**Task to carry out:** Look through the entries below for the line with "Aranjament floral in" and the line with "當人事部門收到員工填寫的資料", then give again exactly those two lines and all lines between them, minus the pictures.

**Provided data:**
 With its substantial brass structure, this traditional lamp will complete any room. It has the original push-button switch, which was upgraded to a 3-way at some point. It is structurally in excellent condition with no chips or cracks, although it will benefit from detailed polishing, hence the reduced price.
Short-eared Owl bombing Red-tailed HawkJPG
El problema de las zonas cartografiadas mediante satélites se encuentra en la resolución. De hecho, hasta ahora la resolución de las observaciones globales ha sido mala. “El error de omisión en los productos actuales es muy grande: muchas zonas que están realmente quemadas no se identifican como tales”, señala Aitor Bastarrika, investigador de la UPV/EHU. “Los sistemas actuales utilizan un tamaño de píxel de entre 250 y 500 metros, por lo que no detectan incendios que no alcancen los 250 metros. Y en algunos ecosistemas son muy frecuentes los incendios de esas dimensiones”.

* * *

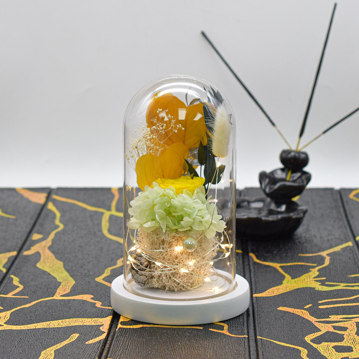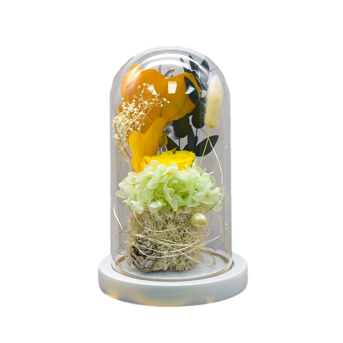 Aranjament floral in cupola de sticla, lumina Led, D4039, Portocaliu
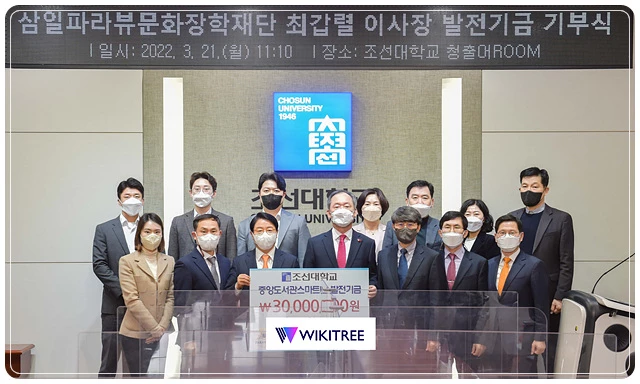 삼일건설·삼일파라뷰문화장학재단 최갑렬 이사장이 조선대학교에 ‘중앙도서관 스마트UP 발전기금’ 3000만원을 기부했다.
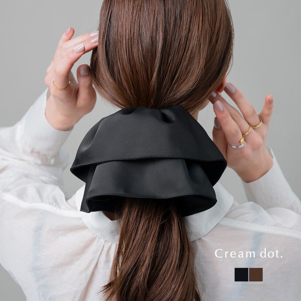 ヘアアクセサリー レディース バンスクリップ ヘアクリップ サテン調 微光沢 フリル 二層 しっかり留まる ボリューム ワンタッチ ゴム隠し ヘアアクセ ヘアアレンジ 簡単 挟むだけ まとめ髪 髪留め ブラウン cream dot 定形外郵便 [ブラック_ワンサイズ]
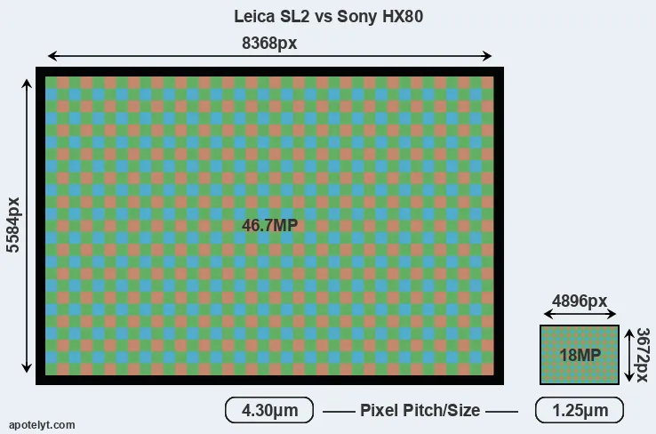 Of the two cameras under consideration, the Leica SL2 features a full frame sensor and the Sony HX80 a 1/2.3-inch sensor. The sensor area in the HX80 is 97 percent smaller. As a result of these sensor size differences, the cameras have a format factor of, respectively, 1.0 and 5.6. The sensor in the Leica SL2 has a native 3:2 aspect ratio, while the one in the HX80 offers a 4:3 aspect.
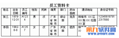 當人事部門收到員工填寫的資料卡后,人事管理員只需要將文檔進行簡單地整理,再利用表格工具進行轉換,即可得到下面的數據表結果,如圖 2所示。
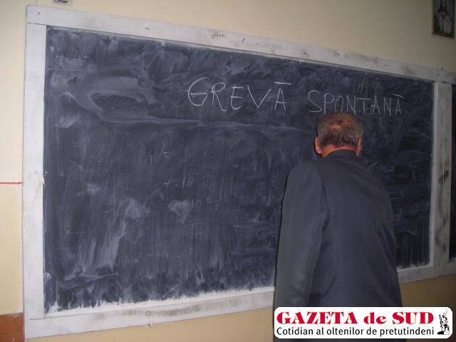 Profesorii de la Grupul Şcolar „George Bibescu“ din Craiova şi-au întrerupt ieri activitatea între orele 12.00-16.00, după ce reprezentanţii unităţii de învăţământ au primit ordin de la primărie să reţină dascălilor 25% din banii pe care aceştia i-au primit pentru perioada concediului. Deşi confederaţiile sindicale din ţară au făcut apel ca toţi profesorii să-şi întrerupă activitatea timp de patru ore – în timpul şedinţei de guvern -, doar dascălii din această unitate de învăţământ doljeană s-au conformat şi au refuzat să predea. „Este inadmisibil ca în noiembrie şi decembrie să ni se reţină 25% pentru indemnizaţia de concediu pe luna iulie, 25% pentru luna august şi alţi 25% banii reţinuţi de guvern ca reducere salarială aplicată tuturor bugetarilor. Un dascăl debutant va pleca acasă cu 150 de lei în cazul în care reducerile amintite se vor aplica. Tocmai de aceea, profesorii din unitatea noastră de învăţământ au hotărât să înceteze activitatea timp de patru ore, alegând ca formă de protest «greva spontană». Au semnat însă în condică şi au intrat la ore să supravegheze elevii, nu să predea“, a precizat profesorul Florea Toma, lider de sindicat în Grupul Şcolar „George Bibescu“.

--

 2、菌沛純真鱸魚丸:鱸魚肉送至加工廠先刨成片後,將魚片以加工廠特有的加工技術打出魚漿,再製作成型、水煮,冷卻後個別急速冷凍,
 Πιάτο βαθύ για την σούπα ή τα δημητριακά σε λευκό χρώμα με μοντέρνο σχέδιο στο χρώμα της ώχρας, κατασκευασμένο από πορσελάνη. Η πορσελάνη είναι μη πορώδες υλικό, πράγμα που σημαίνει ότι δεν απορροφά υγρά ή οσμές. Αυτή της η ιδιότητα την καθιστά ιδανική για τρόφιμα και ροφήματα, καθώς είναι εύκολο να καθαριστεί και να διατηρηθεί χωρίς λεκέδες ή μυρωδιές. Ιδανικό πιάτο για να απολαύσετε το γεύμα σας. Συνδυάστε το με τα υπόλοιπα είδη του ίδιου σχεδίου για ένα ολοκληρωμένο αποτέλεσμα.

**Task output:**
 Aranjament floral in cupola de sticla, lumina Led, D4039, Portocaliu
 삼일건설·삼일파라뷰문화장학재단 최갑렬 이사장이 조선대학교에 ‘중앙도서관 스마트UP 발전기금’ 3000만원을 기부했다.
 ヘアアクセサリー レディース バンスクリップ ヘアクリップ サテン調 微光沢 フリル 二層 しっかり留まる ボリューム ワンタッチ ゴム隠し ヘアアクセ ヘアアレンジ 簡単 挟むだけ まとめ髪 髪留め ブラウン cream dot 定形外郵便 [ブラック_ワンサイズ]
 Of the two cameras under consideration, the Leica SL2 features a full frame sensor and the Sony HX80 a 1/2.3-inch sensor. The sensor area in the HX80 is 97 percent smaller. As a result of these sensor size differences, the cameras have a format factor of, respectively, 1.0 and 5.6. The sensor in the Leica SL2 has a native 3:2 aspect ratio, while the one in the HX80 offers a 4:3 aspect.
 當人事部門收到員工填寫的資料卡后,人事管理員只需要將文檔進行簡單地整理,再利用表格工具進行轉換,即可得到下面的數據表結果,如圖 2所示。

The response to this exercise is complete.